(Items listed in a dataset)

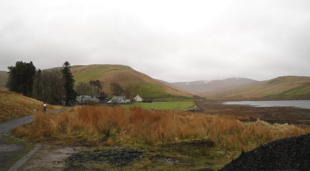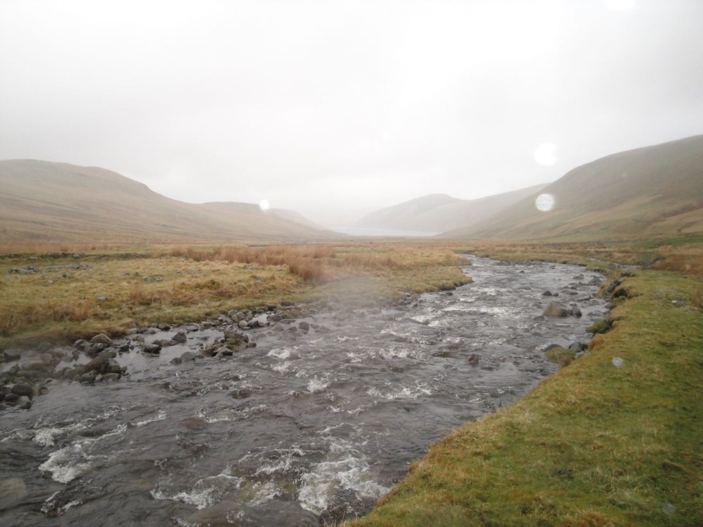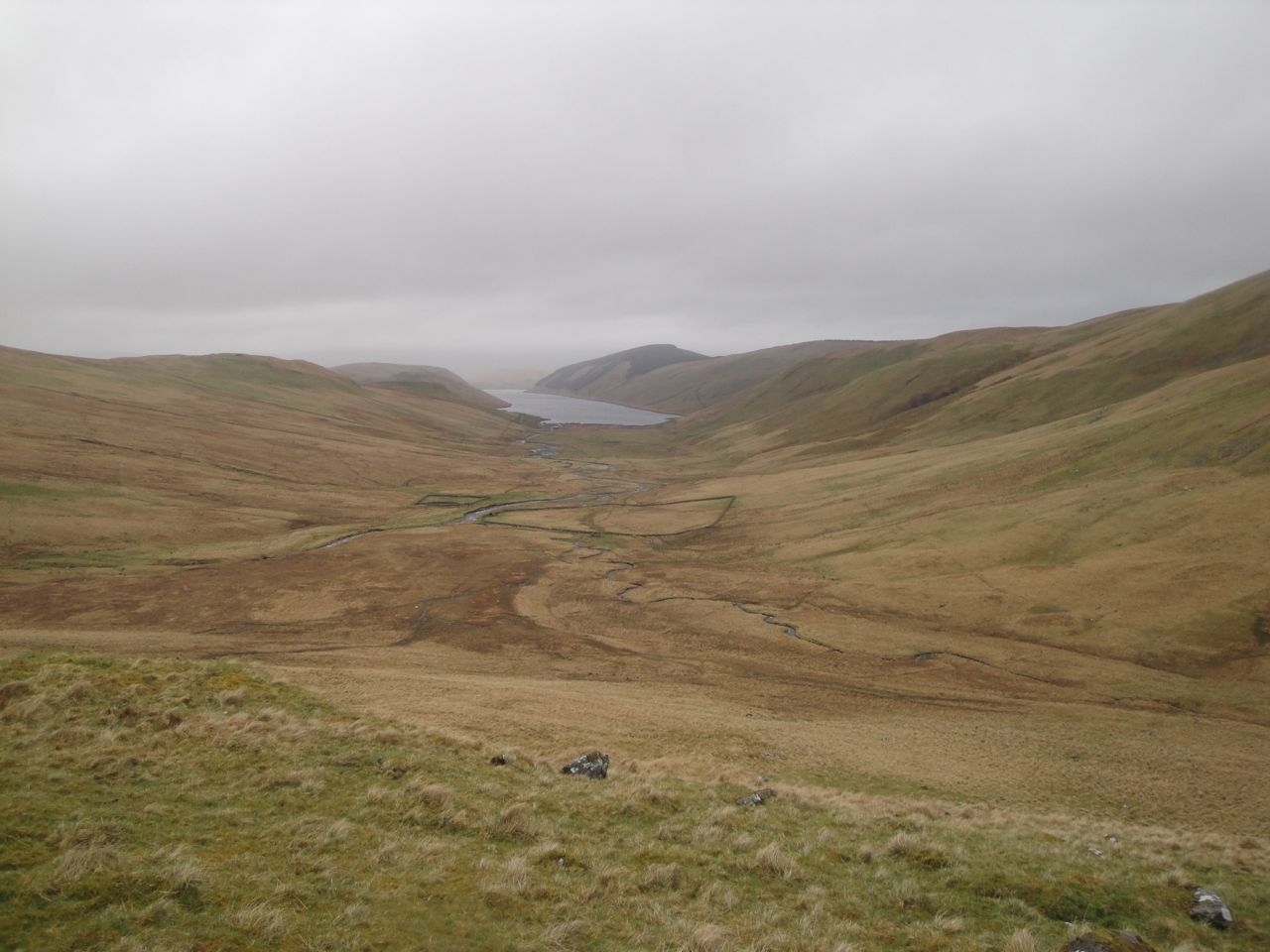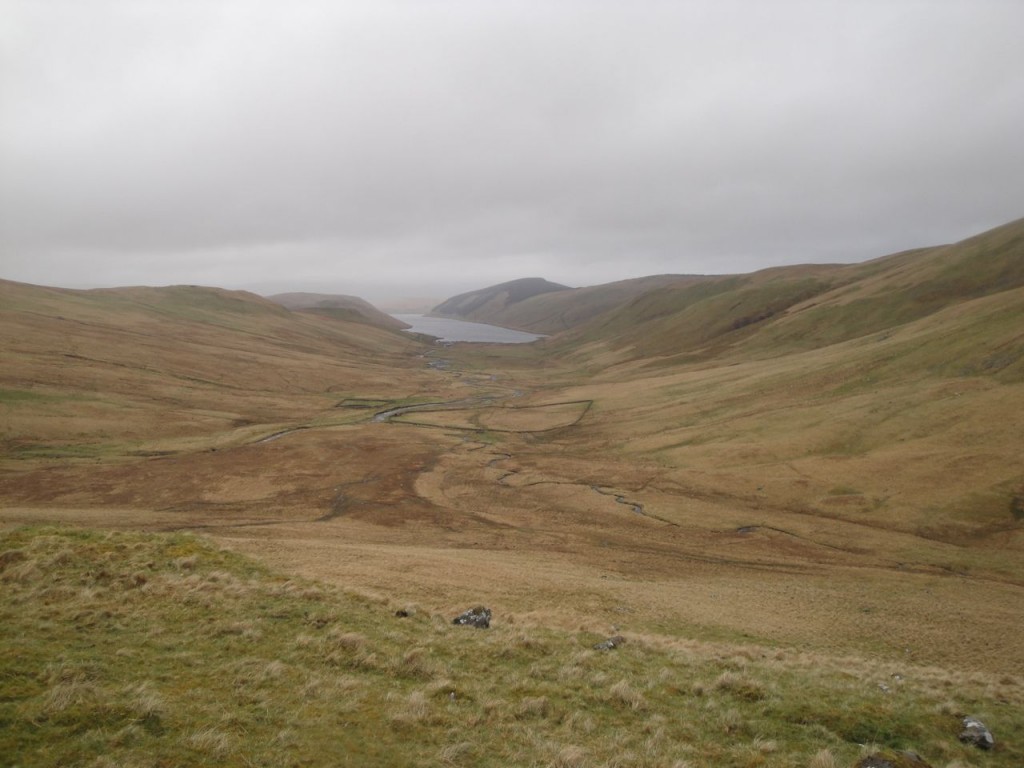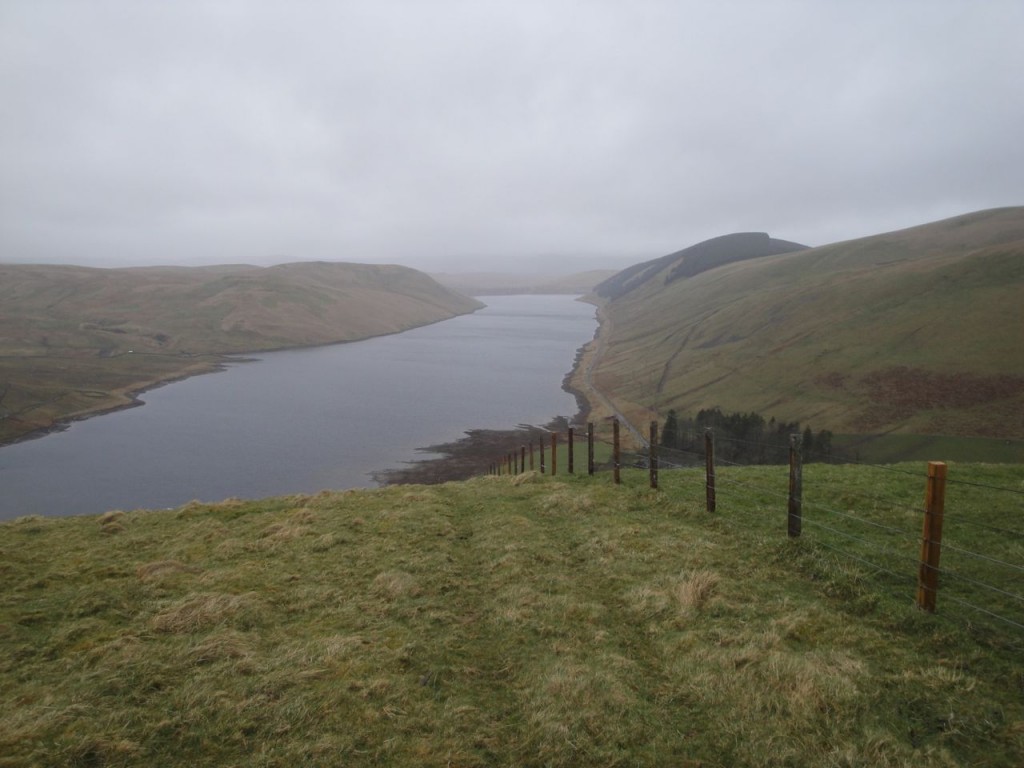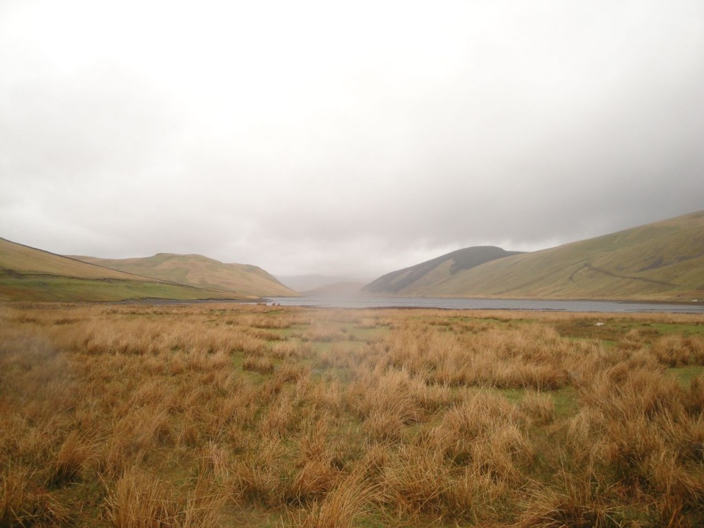 On the lower slopes of Din Law I found myself amongst the dreaded tussocks with their tangles of bleached leaves. The flatter ground between the base of Din Law and the end of Fruid Reservoir was too wet even for the tussock grass. The muddy ATV track wound over the firmer sections of this wetland. Numerous tributaries join Fruid Water, which itself follows a braided course. The ATV track led through the large sheep pen and followed the east bank of Fruid Water all the way to the reservoir, though on its way it crossed numerous small watercourses. Where the track met these it had usually eroded the banks to create wide fords, but narrower sections that I could easily step across were always only a few paces away. I had expected this last flat section to be very boggy indeed but it wasn’t too bad. Having said that I had wet feet by the end of the walk.
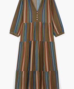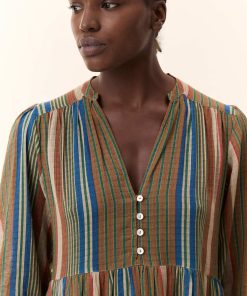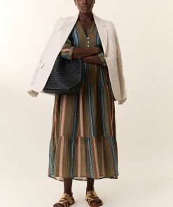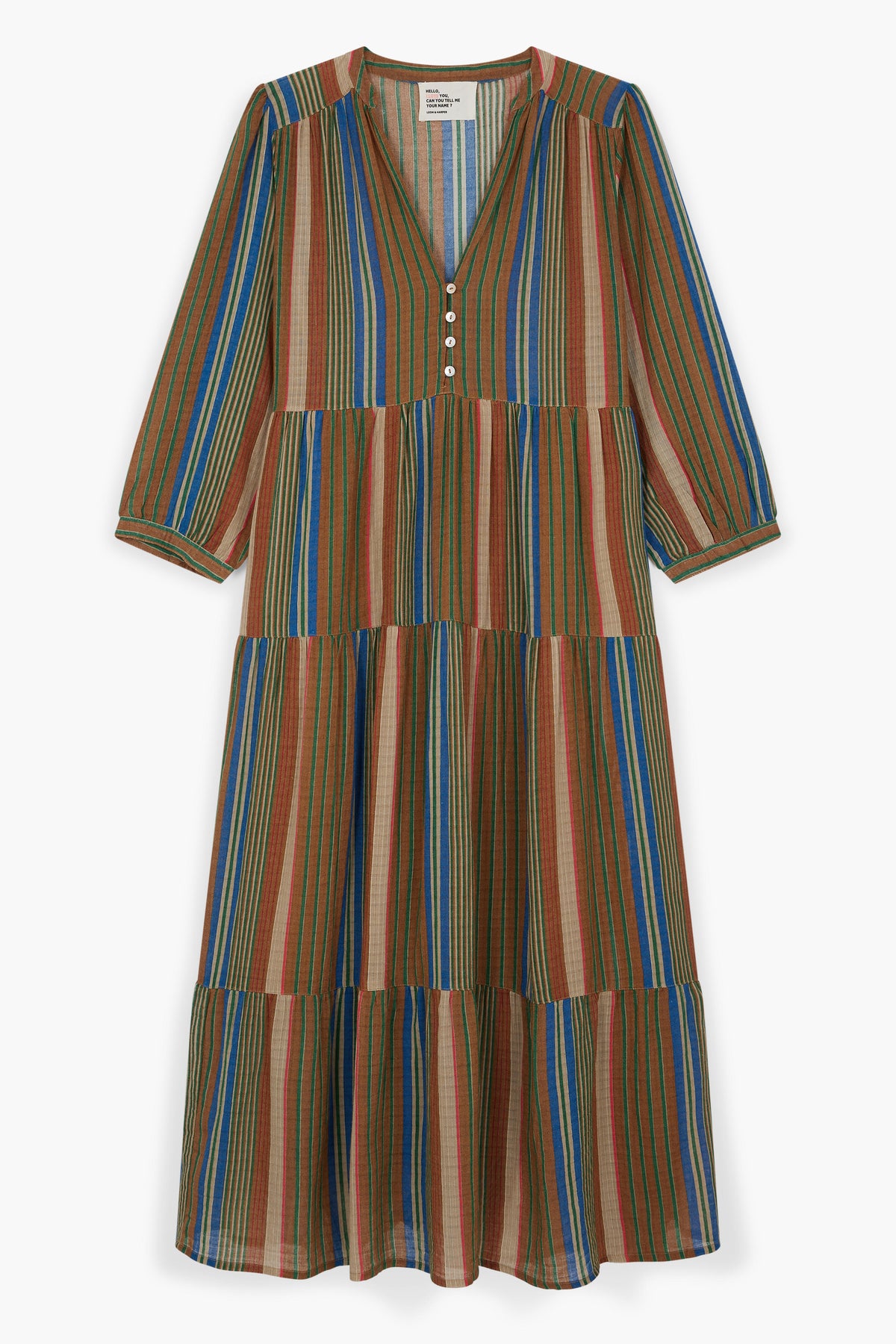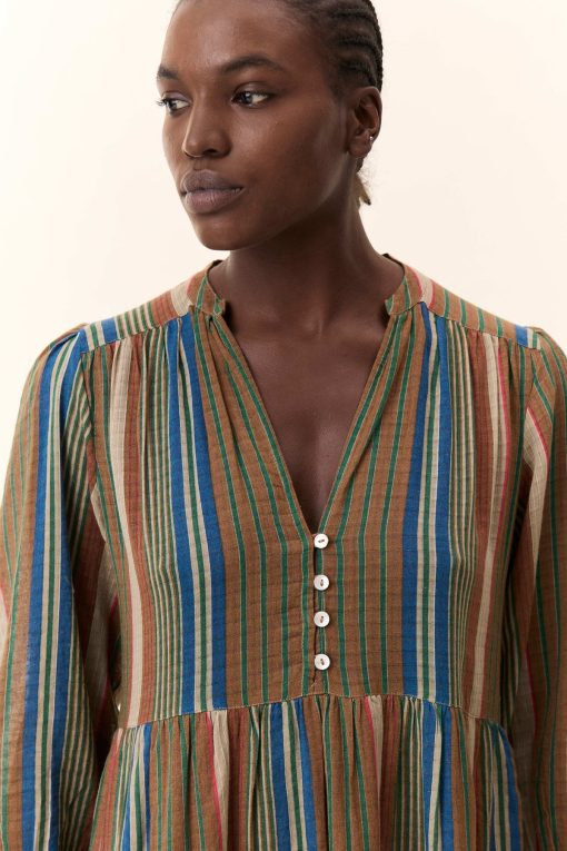 Véritable must-have, la robe Roezla Strp insuffle une allure bohème au vestiaire estival de la femme Leon & Harper. Sa coupe aérienne, réhaussée par un imprimé à rayures colorées, lui confère un confort absolue et une allure aérienne et féminine.
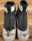 Boots are the most obviously distinctive family of nordic ski boots. They have a 75mm wide "duck bill" at the front of the boot, with three holes on the bottom of the bill that line up with the pins on their appropriate binding.
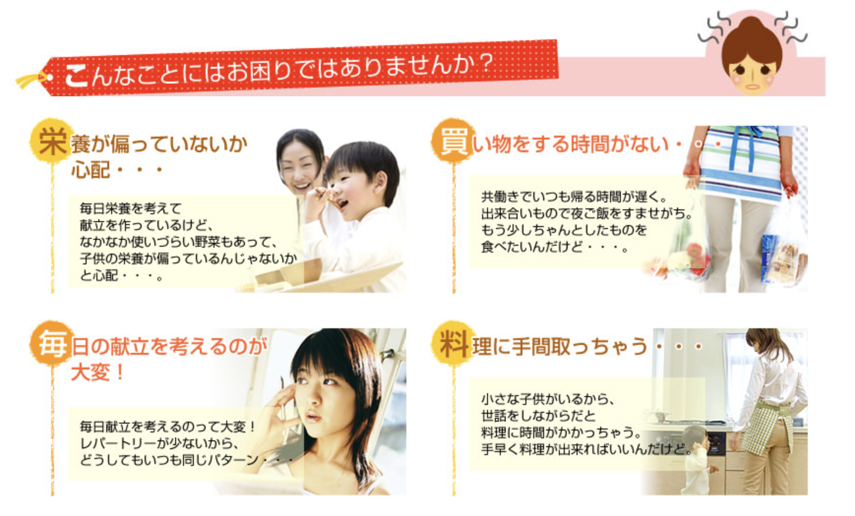 - 共働きで毎日の食事が大変
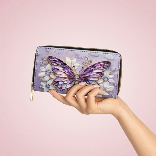 Shineful Leather Clutch Purse With Wristlet Strap Handle Purple Blossom Wings
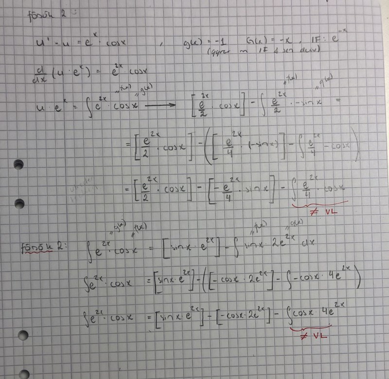 Kompendiet gick precis igenom att partialintergrera och få ett uttryck i HL som är samma som det i VL, eftersom man då kan flytta över detta. Detta försöker jag alltså göra nu, men det som är understruket med rött är inte lika med VL.

## WHAT TO DO
Every line between the one containing "Boots are the" and the last line of the data above, both included, should be copied exactly, but not the pictures.

## RESULT FOR THIS TASK
 Boots are the most obviously distinctive family of nordic ski boots. They have a 75mm wide "duck bill" at the front of the boot, with three holes on the bottom of the bill that line up with the pins on their appropriate binding.
 - 共働きで毎日の食事が大変
 Shineful Leather Clutch Purse With Wristlet Strap Handle Purple Blossom Wings
 Kompendiet gick precis igenom att partialintergrera och få ett uttryck i HL som är samma som det i VL, eftersom man då kan flytta över detta. Detta försöker jag alltså göra nu, men det som är understruket med rött är inte lika med VL.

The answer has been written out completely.